WHAT YOU HAVE TO DO: What's needed is the listing below, repeated word for word with no pictures.

COLLECTED DATA:
----

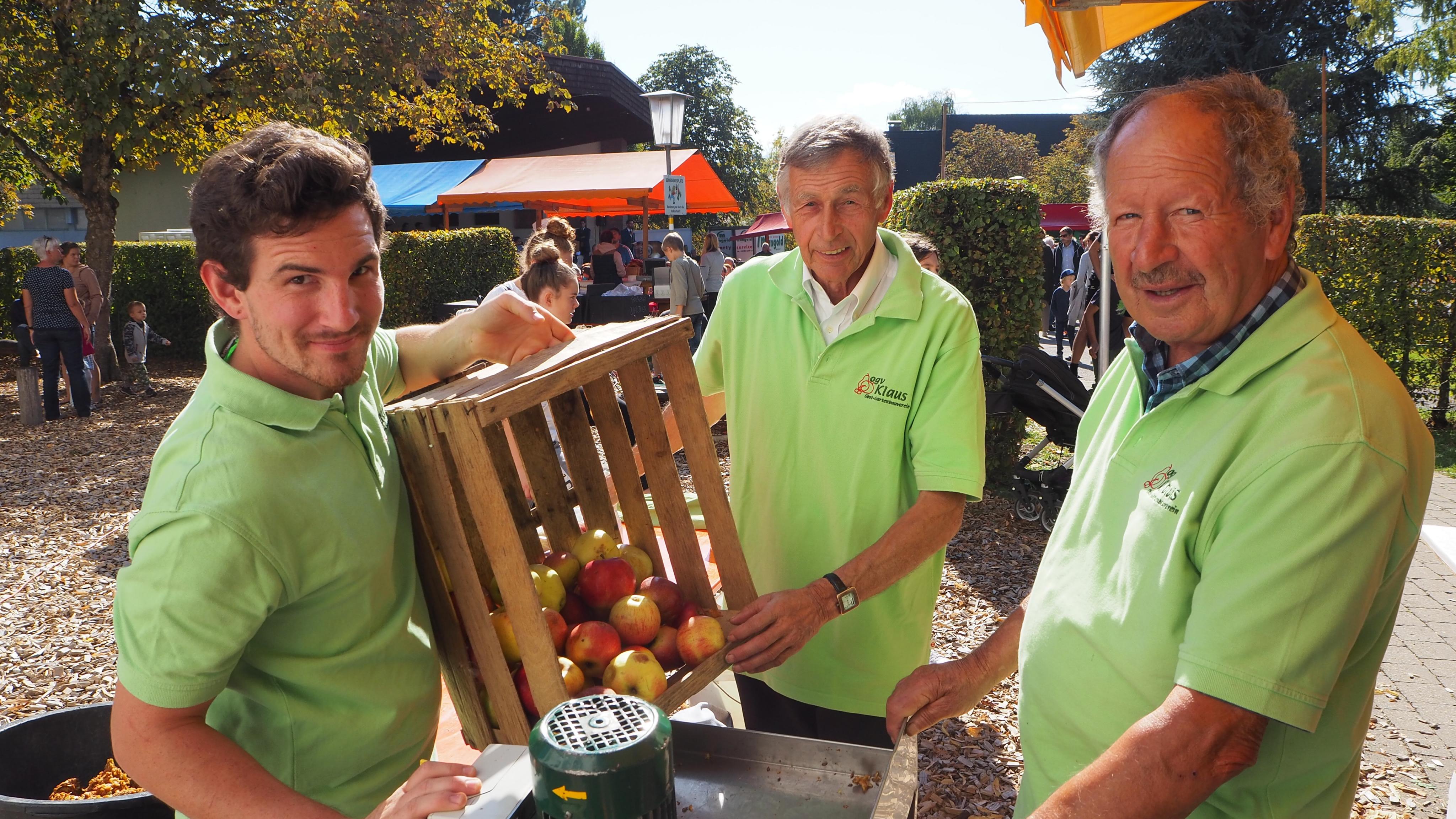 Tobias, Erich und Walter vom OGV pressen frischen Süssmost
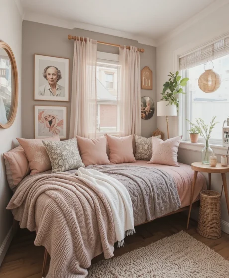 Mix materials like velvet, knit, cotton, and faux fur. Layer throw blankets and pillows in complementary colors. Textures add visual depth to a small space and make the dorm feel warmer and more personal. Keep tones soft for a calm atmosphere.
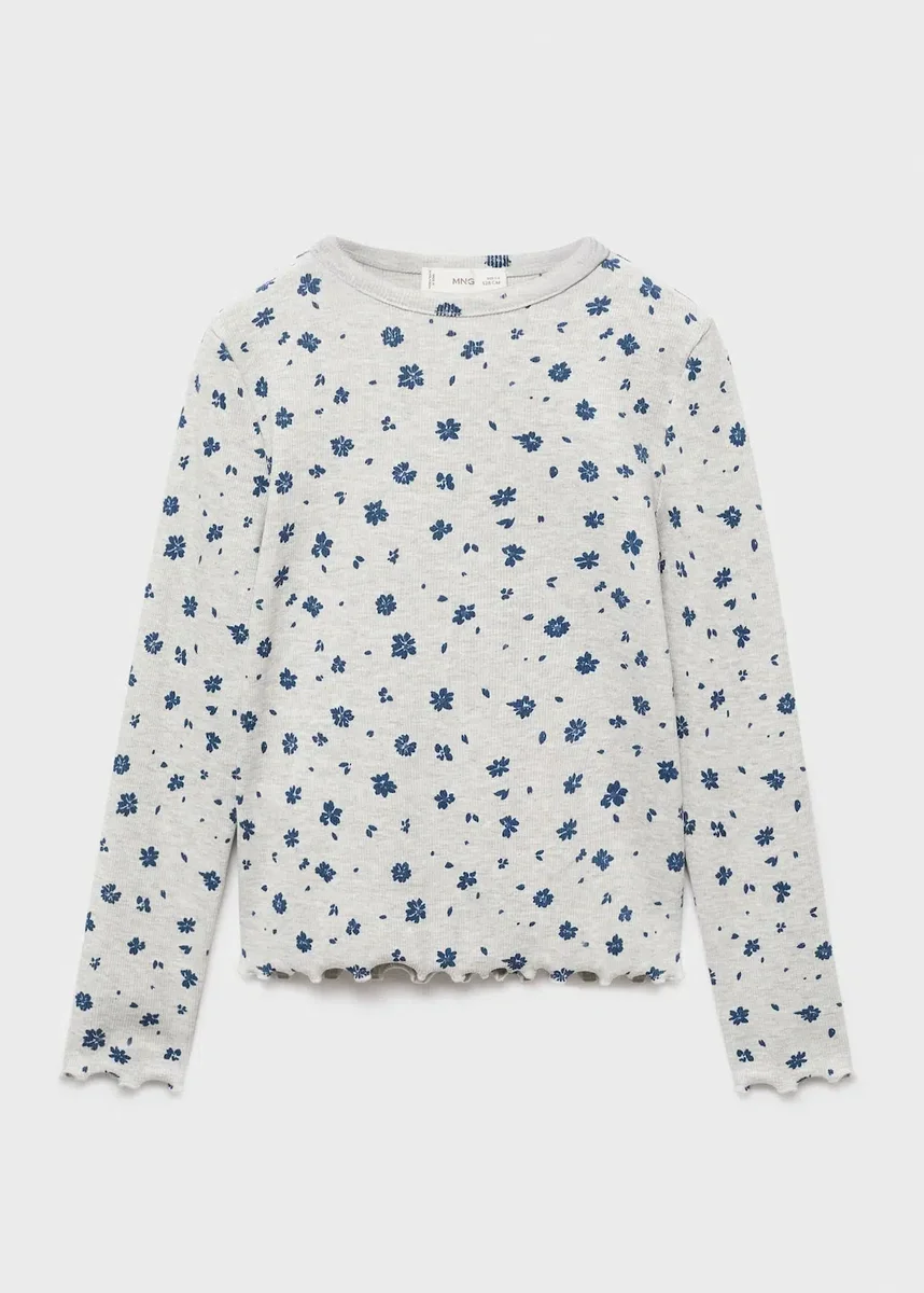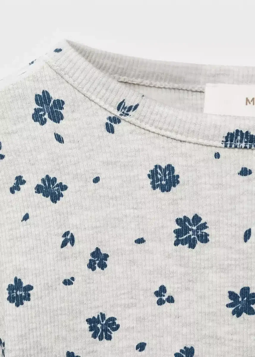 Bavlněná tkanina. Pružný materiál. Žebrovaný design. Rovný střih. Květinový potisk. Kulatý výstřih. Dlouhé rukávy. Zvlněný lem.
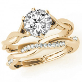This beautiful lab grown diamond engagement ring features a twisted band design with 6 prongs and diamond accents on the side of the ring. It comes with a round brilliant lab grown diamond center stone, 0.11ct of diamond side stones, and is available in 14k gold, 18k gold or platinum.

----

PROBLEM SOLUTION:
 Tobias, Erich und Walter vom OGV pressen frischen Süssmost
 Mix materials like velvet, knit, cotton, and faux fur. Layer throw blankets and pillows in complementary colors. Textures add visual depth to a small space and make the dorm feel warmer and more personal. Keep tones soft for a calm atmosphere.
 Bavlněná tkanina. Pružný materiál. Žebrovaný design. Rovný střih. Květinový potisk. Kulatý výstřih. Dlouhé rukávy. Zvlněný lem.
This beautiful lab grown diamond engagement ring features a twisted band design with 6 prongs and diamond accents on the side of the ring. It comes with a round brilliant lab grown diamond center stone, 0.11ct of diamond side stones, and is available in 14k gold, 18k gold or platinum.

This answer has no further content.